Chocolate Vegan Keto Protein Bars (gluten free, nut free, soy free)
After an absurd amount of trial and quasi-disastrous error, I’ve managed to come up with a vegan keto protein bar that not only tastes delicious, but doesn’t require the use of a protein powder. Protein powders just aren’t for everyone (I totally get it), so it can be kind of a pain when you see a recipe that calls for the use of one, especially in a low carb vegan recipe, as there are only a few low carb vegan protein powders out there….and boy, they are expensive.
Also expensive are processed, ready-to-buy, low carb vegan protein bars. While convenient, these also often rely on protein powders and soy to boost their macros, while also usually containing a lot of nuts. For those of us with nut or soy allergies/sensitivites, it can be almost impossible to find a decent bar that doesn’t also cost $3 a pop. I’m all for spending a little more than the average bear on foods, but I’m really not into the concept of spending $30 or more per week just to get some more protein in my diet. So, like basically every post on this blog, the solution came through some recipe creation.
These bars have 8.3g of protein and just 1.4g of net carbs per serving while being gluten free, nut free and soy free, which is pretty darn amazing. They also happen to be pretty easy to whip together, and have a pleasantly chewy texture. While keto isn’t traditionally a protein-focused diet, it’s sometimes nice to have a convenient source of tasty protein ready to go, especially if you’re a little sick of eating straight nuts and seeds to meet your quota.
Notes on Making Low Carb Vegan Protein Bars
- I baked these, but you could also form them into the little bar shapes and dehydrate them overnight to make them raw (you’ll want to be sure you use raw cacao powder in that case).
- If you aren’t sold on psyllium husks, you could try mixing 2 tbsp of ground flaxseed in with the water, and letting the gel form by letting it sit for about 5-10 minutes before adding it in to the dry ingredients.
- Be sure you use raw seeds for this, as you are going to be baking them!
- I buy my seeds whole, and grind them up as I need them. This prevents them from going rancid as quickly. I also store them in the fridge for the same reason!

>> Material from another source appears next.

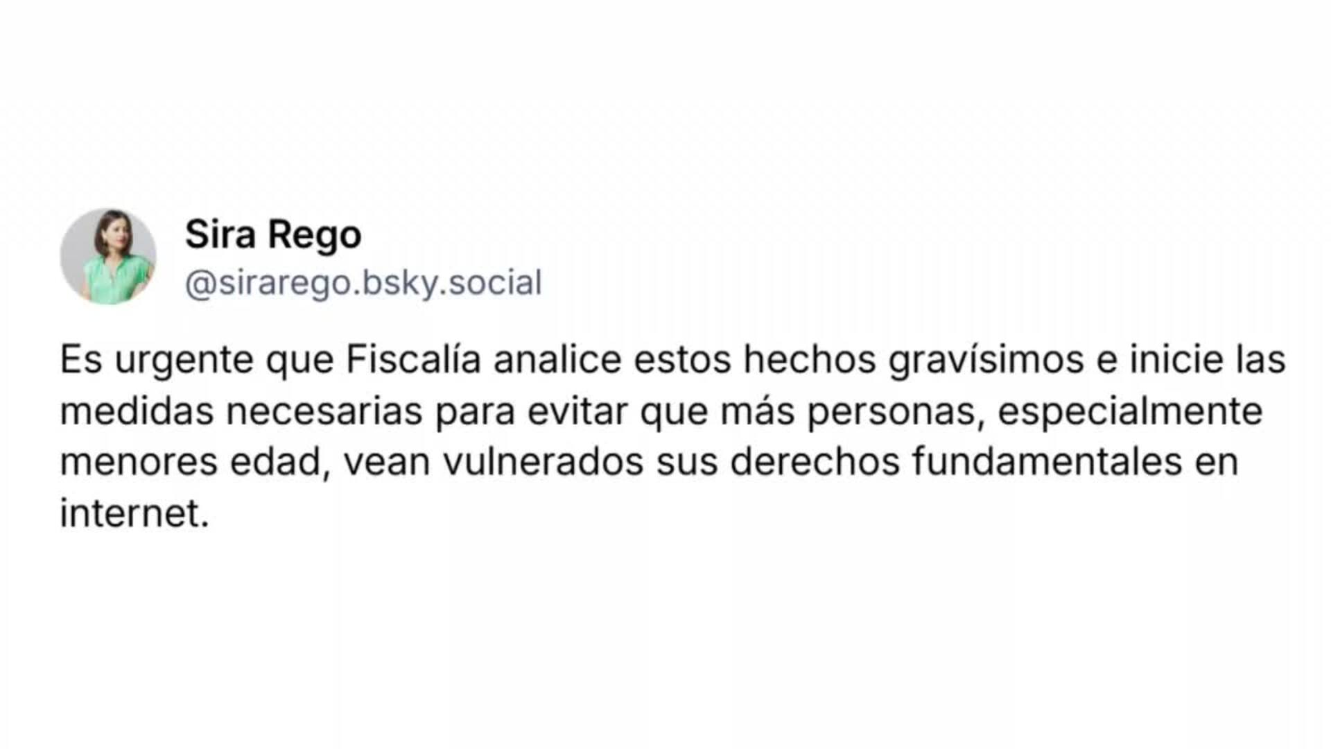 La ministra de Juventud e Infancia, Sira Rego, ha solicitado a la Fiscalía investigar a Grok, la IA de X, por la posible difusión de contenido de violencia sexual contra menores, lo que podría constituir un delito.
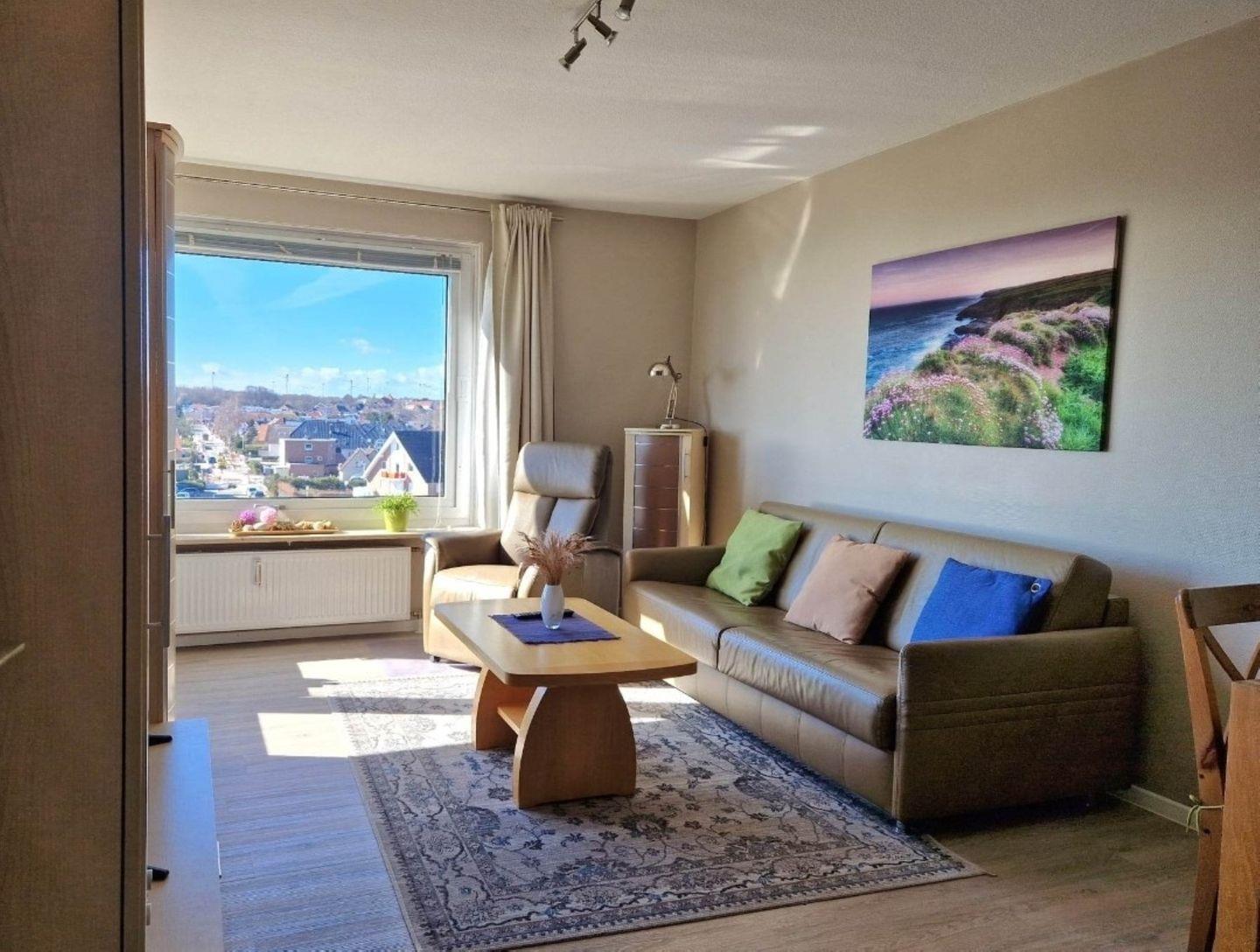 Die Wohnung befindet sich im Haus "Hanseat I" direkt am Meer. Beim Betreten der Wohnung gelangt man in einen geräumigen Flur, von dem aus man Zugang zu den verschiedenen Zimmern hat. Das Wohnzimmer ist lichtdurchflutet und bietet dank der großen Fensterfront einen atemberaubenden Blick auf das Meer. Hier gibt es genügend Platz für einen bequemen Wohnbereich mit Schlafcouch ( 160x200 )sowie einen Esstisch für gemütliche Mahlzeiten mit Blick auf das Wasser.

- If you wanted to add some additional flavors to these, you could mix in 2 tbsp of any of the following: instant espresso powder, unsweetened coconut flakes, peanut butter, dehydrated berries, vegan cream cheese. Just keep in mind that every addition will change the macros a bit!
- If you want a little extra flavor without the extra cals/carbs, you could add in 1 tsp of any extract of your choice – I especially recommend hazelnut, almond or peppermint.
- I topped mine with peanut butter, but they’re equally delicious plain!
These chocolate low carb vegan protein bars are gluten free, nut free and soy free and contain just 1.4g of net carbs per serving!
- 1/2 cup raw sunflower seeds
- 3/4 cup raw hemp hearts
- 1/4 cup chia seeds
- 1/4 cup cocoa powder
- 2 tbsp psyllium husks
- sweetener to taste (I used about 2 tbsp of granulated, sugar-free sweetener, but 1/4 tsp of liquid stevia should do the trick as well!)
- 1/2 tsp salt
- 1 cup of water
- Preheat oven to 350F, and grind all of your seeds into a flour-like texture. I tend to leave the sunflower seeds a bit chunky to add some interest.
- Mix together all the dry ingredients, until thoroughly combined.
- Stir in the water, and let the mixture sit until a pretty thick dough forms.
- Spread on a baking sheet, lined with parchment paper or a silicon baking mat, and flatten into a rectangular shape that is about 1/4" thick all the way across.
- Bake for 45 minutes, removing the tray around 30 minutes, and using a knife to score the bars into 8 equal pieces before returning for another 15 minutes.